◆ Instructions to follow
Every line from the one with "first-in-human trial 的新冠疫苗临床研究论文。" to the one with "Dyrektorzy niedofinansowanych szkół", including those two, is to be copied exactly; all other lines of the entries below are left out.

◆ Source information
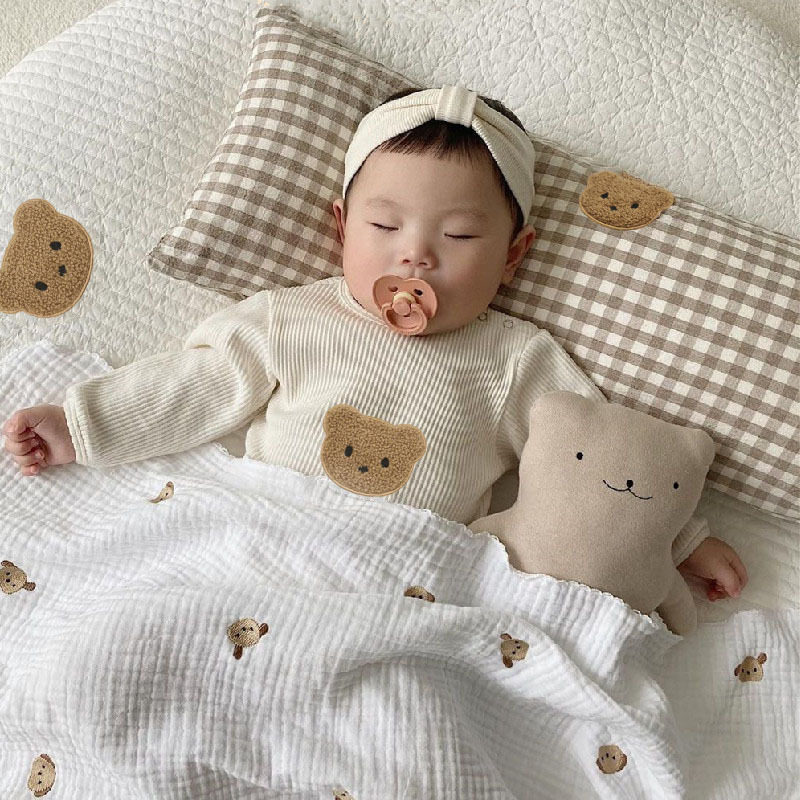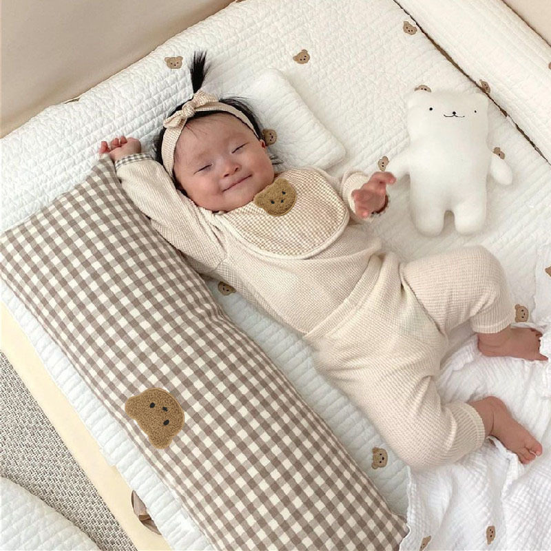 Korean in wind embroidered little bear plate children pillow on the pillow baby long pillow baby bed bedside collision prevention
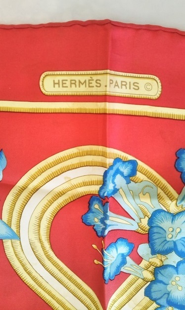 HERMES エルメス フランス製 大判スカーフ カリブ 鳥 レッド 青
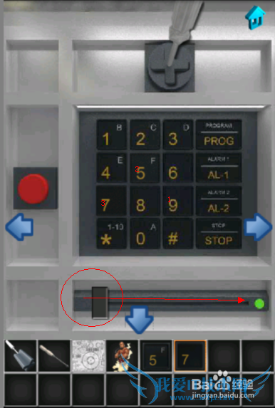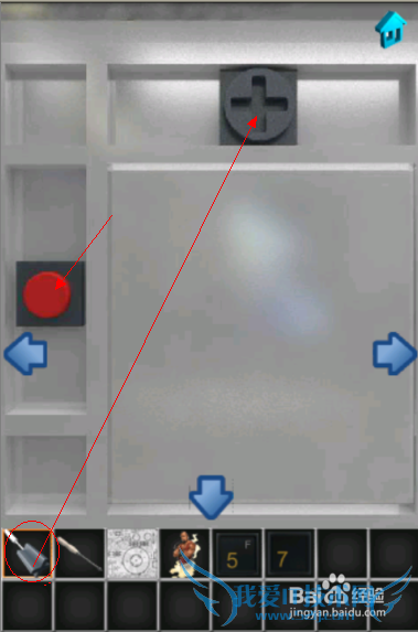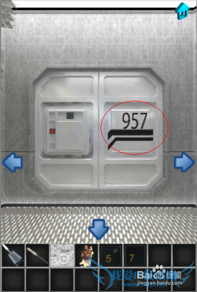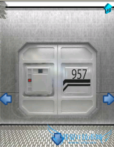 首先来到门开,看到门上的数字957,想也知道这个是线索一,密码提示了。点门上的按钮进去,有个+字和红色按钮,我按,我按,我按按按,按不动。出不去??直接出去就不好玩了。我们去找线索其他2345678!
---
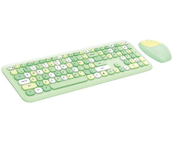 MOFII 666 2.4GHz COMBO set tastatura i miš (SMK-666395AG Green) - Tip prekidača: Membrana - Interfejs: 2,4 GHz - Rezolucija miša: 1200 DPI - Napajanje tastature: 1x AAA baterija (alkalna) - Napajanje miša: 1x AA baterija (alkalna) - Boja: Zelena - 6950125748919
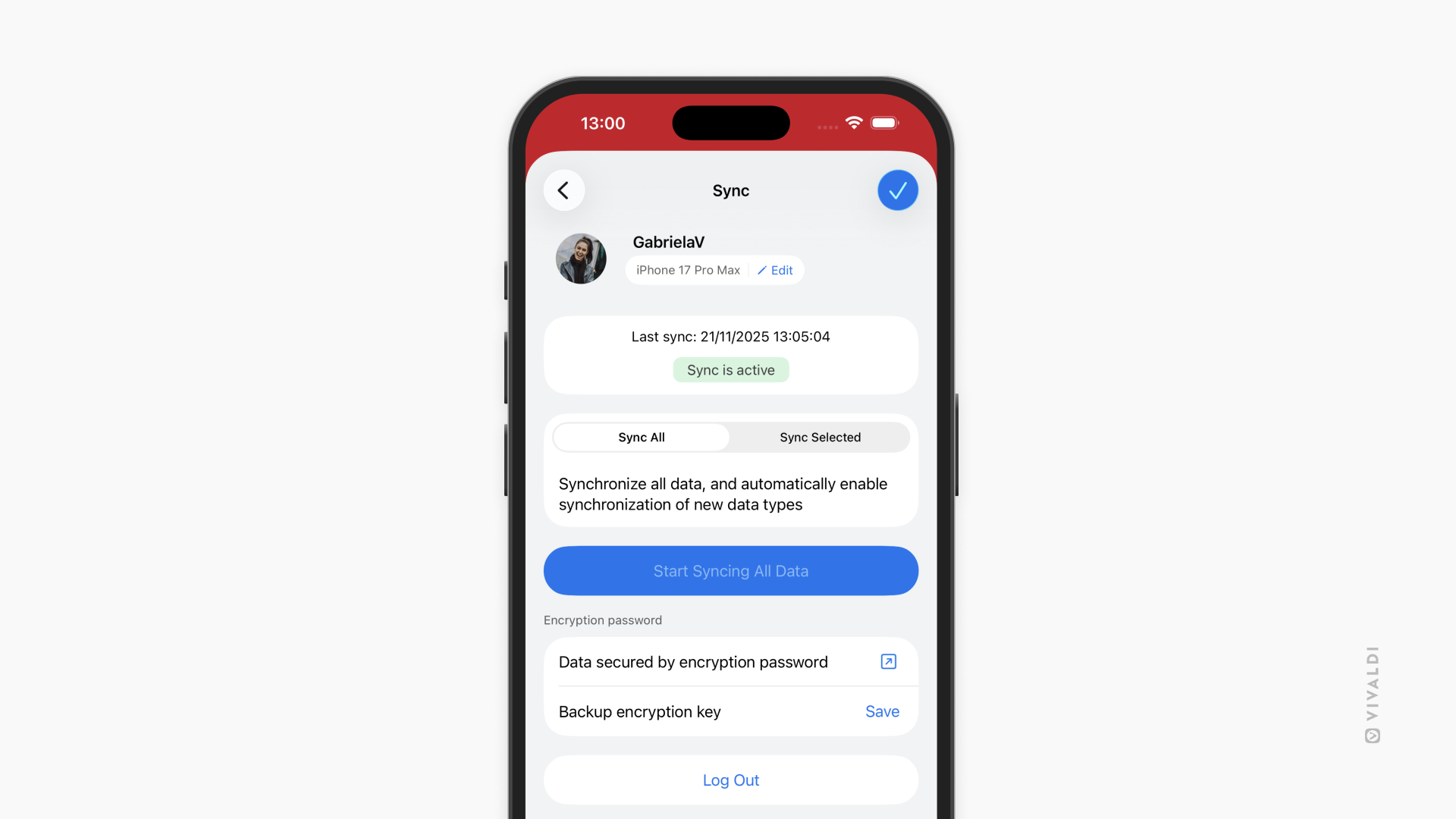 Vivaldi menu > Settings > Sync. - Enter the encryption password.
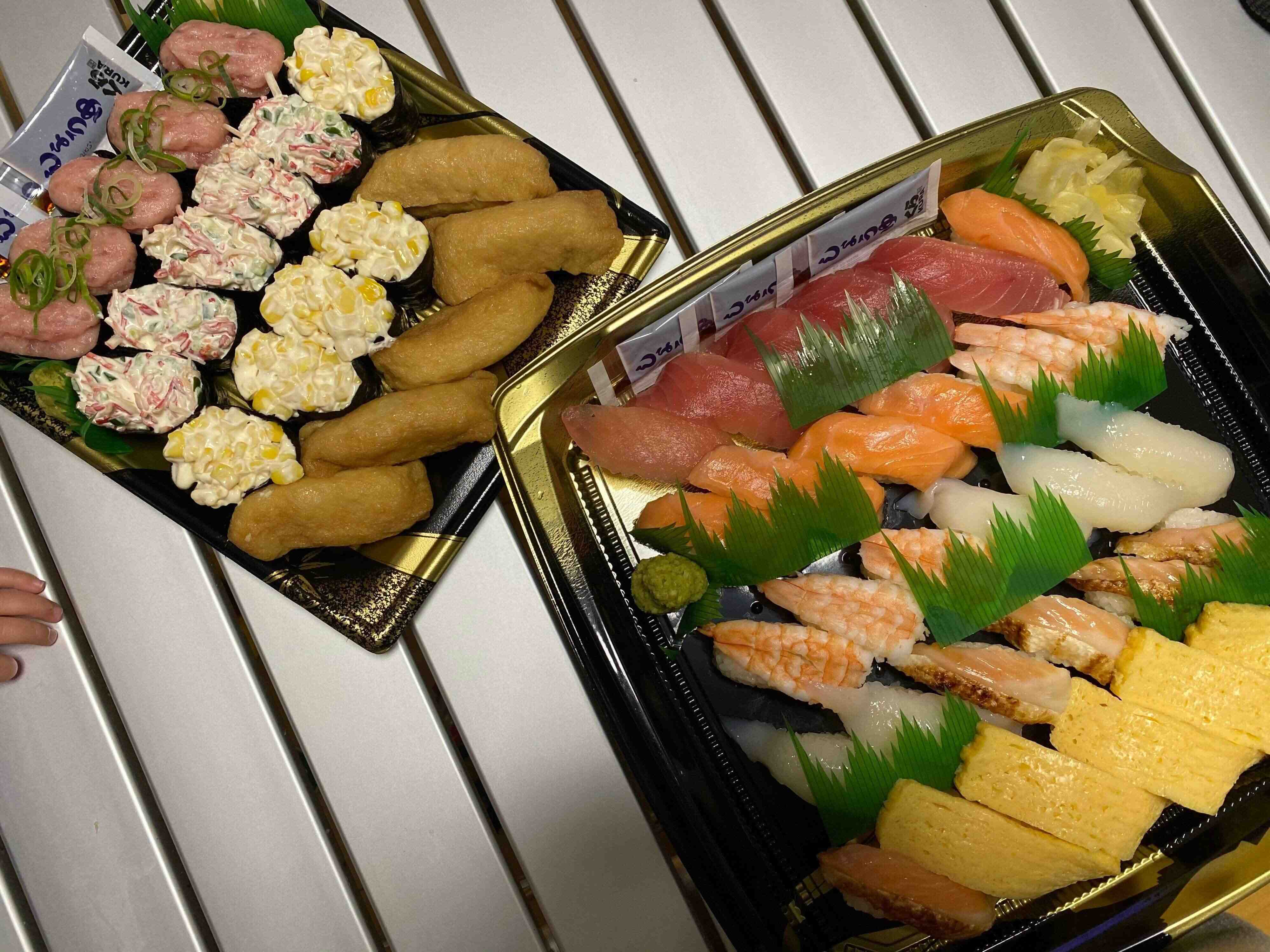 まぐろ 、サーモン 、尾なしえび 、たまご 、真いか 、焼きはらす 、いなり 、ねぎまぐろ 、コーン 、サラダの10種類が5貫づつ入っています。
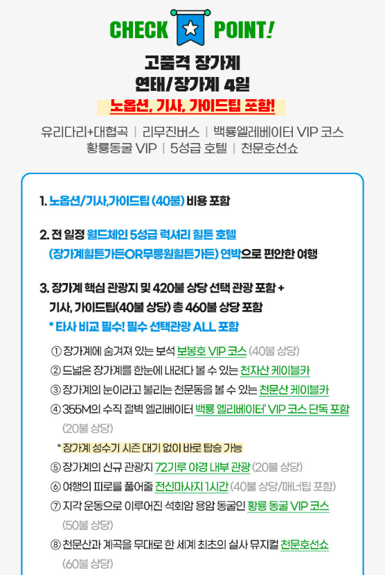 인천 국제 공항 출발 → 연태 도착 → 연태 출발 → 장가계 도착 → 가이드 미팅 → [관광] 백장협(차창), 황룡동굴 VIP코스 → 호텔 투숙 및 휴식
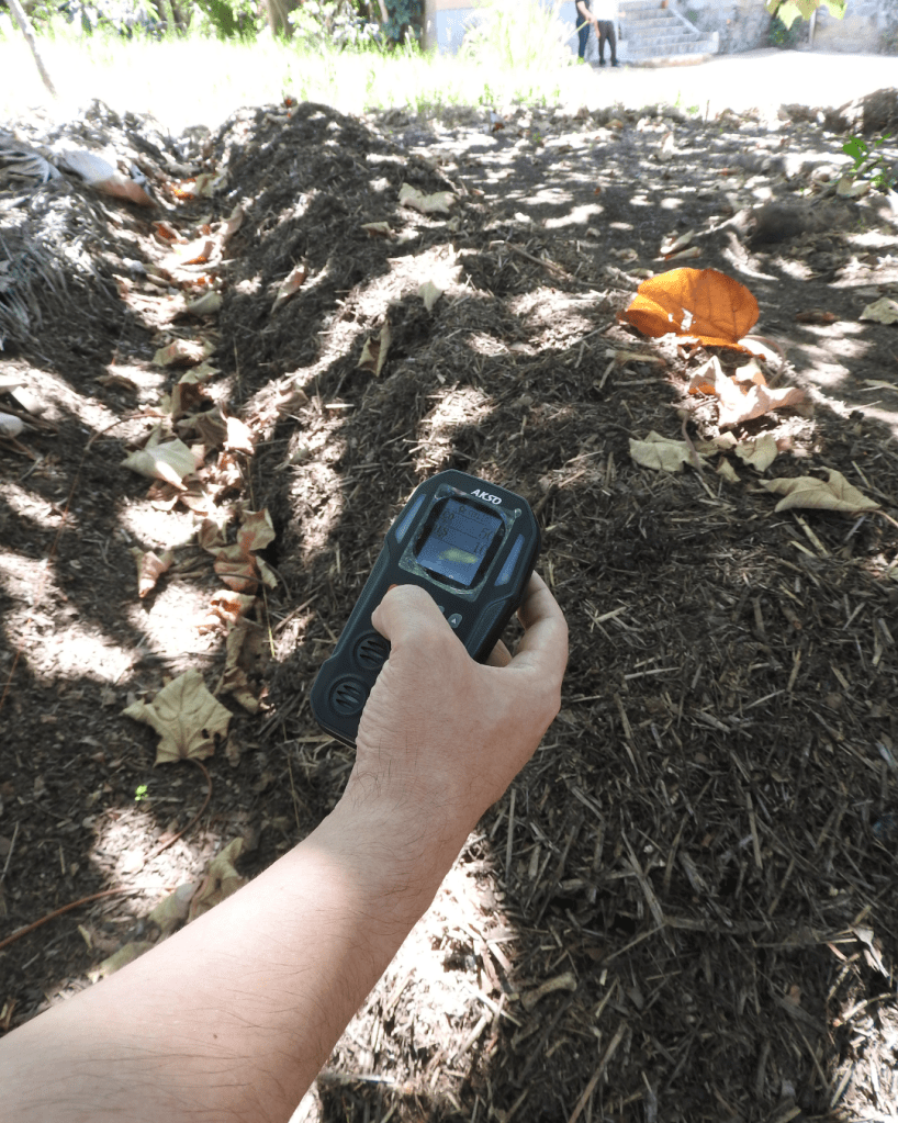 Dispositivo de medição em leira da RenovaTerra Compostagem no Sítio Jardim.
---
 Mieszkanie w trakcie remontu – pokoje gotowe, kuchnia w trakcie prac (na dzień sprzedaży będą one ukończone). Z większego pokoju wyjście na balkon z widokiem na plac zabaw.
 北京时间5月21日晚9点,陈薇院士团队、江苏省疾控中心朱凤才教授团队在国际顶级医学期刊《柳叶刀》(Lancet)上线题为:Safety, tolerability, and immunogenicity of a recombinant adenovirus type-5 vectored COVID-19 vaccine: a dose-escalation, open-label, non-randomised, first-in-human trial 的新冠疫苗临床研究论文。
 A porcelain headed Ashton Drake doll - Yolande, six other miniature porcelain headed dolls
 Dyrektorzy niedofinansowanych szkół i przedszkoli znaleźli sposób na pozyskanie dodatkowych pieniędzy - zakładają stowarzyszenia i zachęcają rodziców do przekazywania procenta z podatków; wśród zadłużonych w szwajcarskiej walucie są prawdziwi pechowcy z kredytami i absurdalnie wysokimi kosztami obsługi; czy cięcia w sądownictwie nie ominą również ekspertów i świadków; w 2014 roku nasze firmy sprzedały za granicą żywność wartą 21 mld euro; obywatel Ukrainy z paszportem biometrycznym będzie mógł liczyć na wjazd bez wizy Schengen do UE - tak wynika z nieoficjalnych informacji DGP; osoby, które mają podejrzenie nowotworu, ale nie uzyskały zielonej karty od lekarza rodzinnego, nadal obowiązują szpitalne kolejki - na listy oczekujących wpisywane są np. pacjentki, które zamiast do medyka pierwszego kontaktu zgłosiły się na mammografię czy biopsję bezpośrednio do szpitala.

◆ Solution to this task
 北京时间5月21日晚9点,陈薇院士团队、江苏省疾控中心朱凤才教授团队在国际顶级医学期刊《柳叶刀》(Lancet)上线题为:Safety, tolerability, and immunogenicity of a recombinant adenovirus type-5 vectored COVID-19 vaccine: a dose-escalation, open-label, non-randomised, first-in-human trial 的新冠疫苗临床研究论文。
 A porcelain headed Ashton Drake doll - Yolande, six other miniature porcelain headed dolls
 Dyrektorzy niedofinansowanych szkół i przedszkoli znaleźli sposób na pozyskanie dodatkowych pieniędzy - zakładają stowarzyszenia i zachęcają rodziców do przekazywania procenta z podatków; wśród zadłużonych w szwajcarskiej walucie są prawdziwi pechowcy z kredytami i absurdalnie wysokimi kosztami obsługi; czy cięcia w sądownictwie nie ominą również ekspertów i świadków; w 2014 roku nasze firmy sprzedały za granicą żywność wartą 21 mld euro; obywatel Ukrainy z paszportem biometrycznym będzie mógł liczyć na wjazd bez wizy Schengen do UE - tak wynika z nieoficjalnych informacji DGP; osoby, które mają podejrzenie nowotworu, ale nie uzyskały zielonej karty od lekarza rodzinnego, nadal obowiązują szpitalne kolejki - na listy oczekujących wpisywane są np. pacjentki, które zamiast do medyka pierwszego kontaktu zgłosiły się na mammografię czy biopsję bezpośrednio do szpitala.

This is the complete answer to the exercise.